The answer must be an exact copy of the lines from the top of the listing below through the line with "Connecting a local", with no pictures.

[Supplied information]:
────────────────

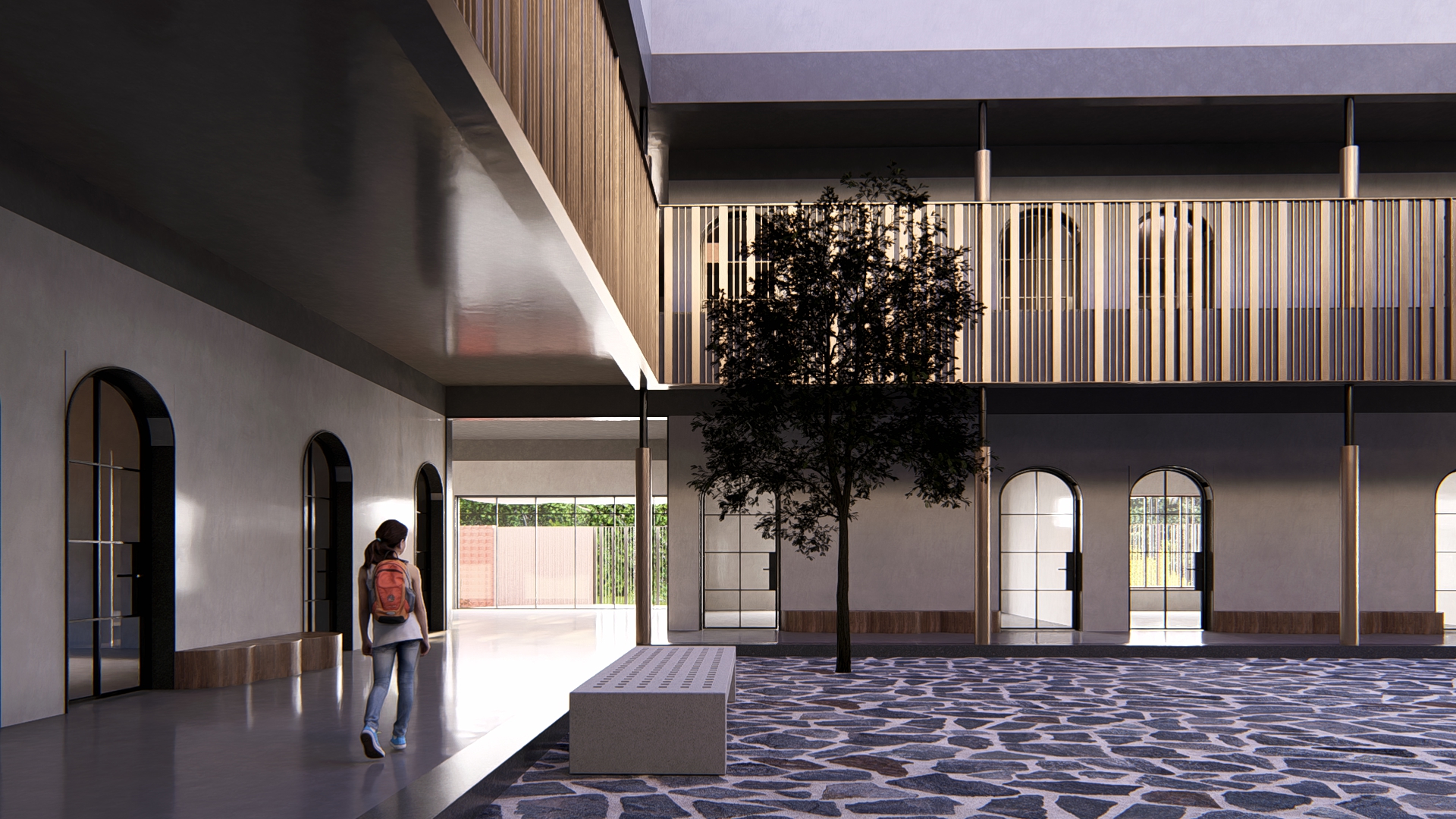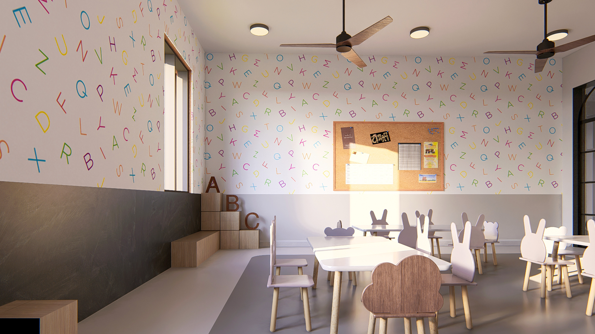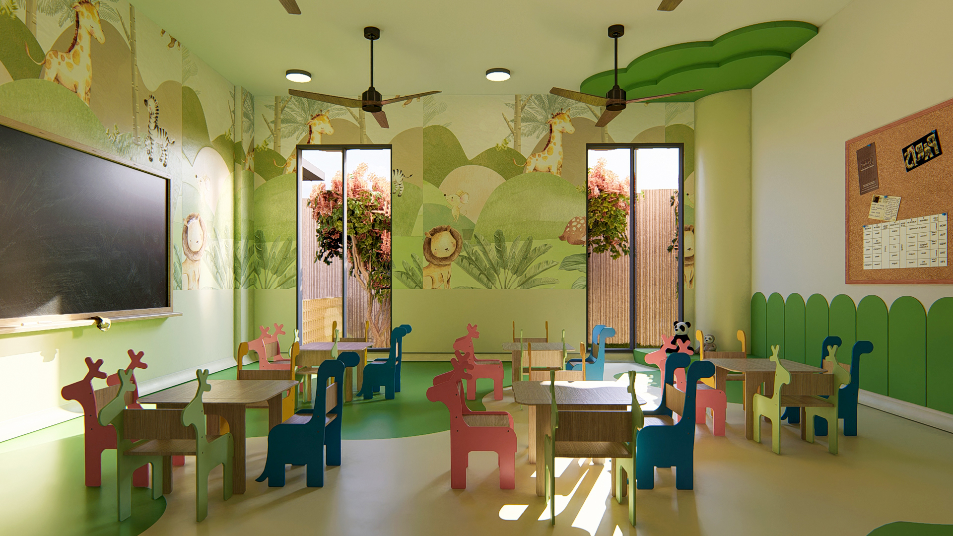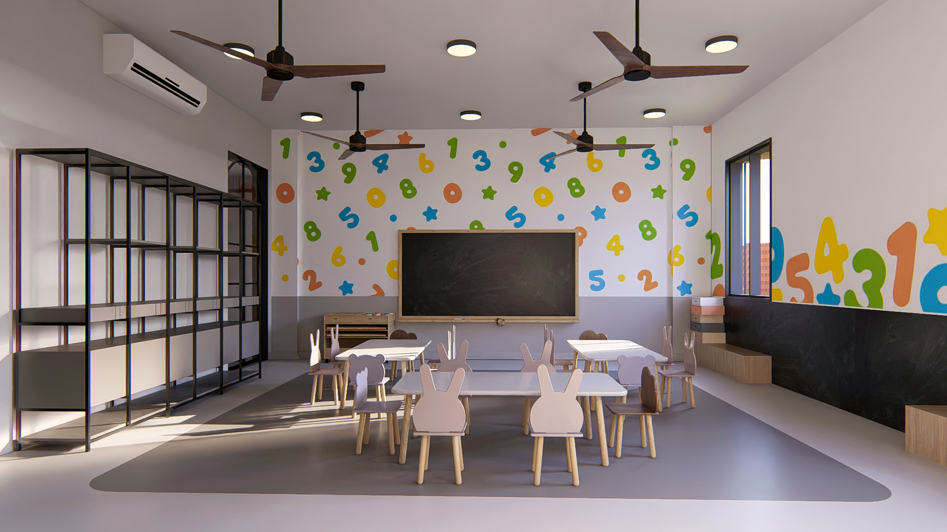 A World of Wonder Designed for Little Explorers Nestled in the vibrant community of Saravanampatti, Coimbatore, this 22,000 sq.ft pre-primary school is a celebration of playful architecture and child-centred learning. Every part of the campus is thoughtfully designed to spark curiosity, imagination, and joy—making the school itself a dynamic learning tool. The façade sets the tone with cloud-shaped window shades, a whimsical civil feature that instantly captures the spirit of childhood. These sculptural forms soften the building’s profile while offering functional shade, inviting children into a space where imagination is part of the everyday environment. Inside, lime-finished walls bring an earthy warmth, creating a calm and breathable atmosphere for young learners. The central courtyard—with its minimal steel railings—emphasizes openness, safety, and visual connectivity, encouraging free movement and effortless supervision. At the heart of the school’s philosophy lies its theme-based learning environments, each crafted to create immersive, hands-on educational experiences such as Mathematics, Phonics, Forest and Marine Environments. Together, these environments form a holistic learning ecosystem, enabling children to move seamlessly between cognitive, sensory, and imaginative experiences. Each space has been intentionally designed to support early development through play—ensuring that learning feels natural, meaningful, and fun. More than a school, this is a playful architectural landscape where children grow, explore, and dream.
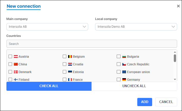 Connecting a local company to a main company simplifies administration when you have one manufacturer but several local distributors. To connect companies click 'Connect companies'.
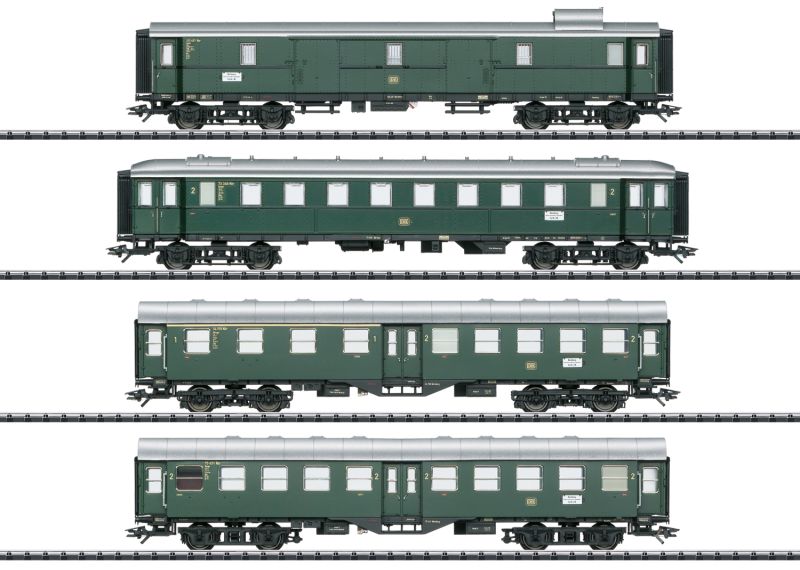 Vorbild: 4 verschiedene Reisezugwagen unterschiedlicher Bauarten in der Ausführung der Deutschen Bundesbahn (DB), für den Eilzug mit dem Zuglauf Nürnberg - Sulzbach-Rosenberg - Schwandorf - Furth i.

────────────────

[Response]:
 A World of Wonder Designed for Little Explorers Nestled in the vibrant community of Saravanampatti, Coimbatore, this 22,000 sq.ft pre-primary school is a celebration of playful architecture and child-centred learning. Every part of the campus is thoughtfully designed to spark curiosity, imagination, and joy—making the school itself a dynamic learning tool. The façade sets the tone with cloud-shaped window shades, a whimsical civil feature that instantly captures the spirit of childhood. These sculptural forms soften the building’s profile while offering functional shade, inviting children into a space where imagination is part of the everyday environment. Inside, lime-finished walls bring an earthy warmth, creating a calm and breathable atmosphere for young learners. The central courtyard—with its minimal steel railings—emphasizes openness, safety, and visual connectivity, encouraging free movement and effortless supervision. At the heart of the school’s philosophy lies its theme-based learning environments, each crafted to create immersive, hands-on educational experiences such as Mathematics, Phonics, Forest and Marine Environments. Together, these environments form a holistic learning ecosystem, enabling children to move seamlessly between cognitive, sensory, and imaginative experiences. Each space has been intentionally designed to support early development through play—ensuring that learning feels natural, meaningful, and fun. More than a school, this is a playful architectural landscape where children grow, explore, and dream.
 Connecting a local company to a main company simplifies administration when you have one manufacturer but several local distributors. To connect companies click 'Connect companies'.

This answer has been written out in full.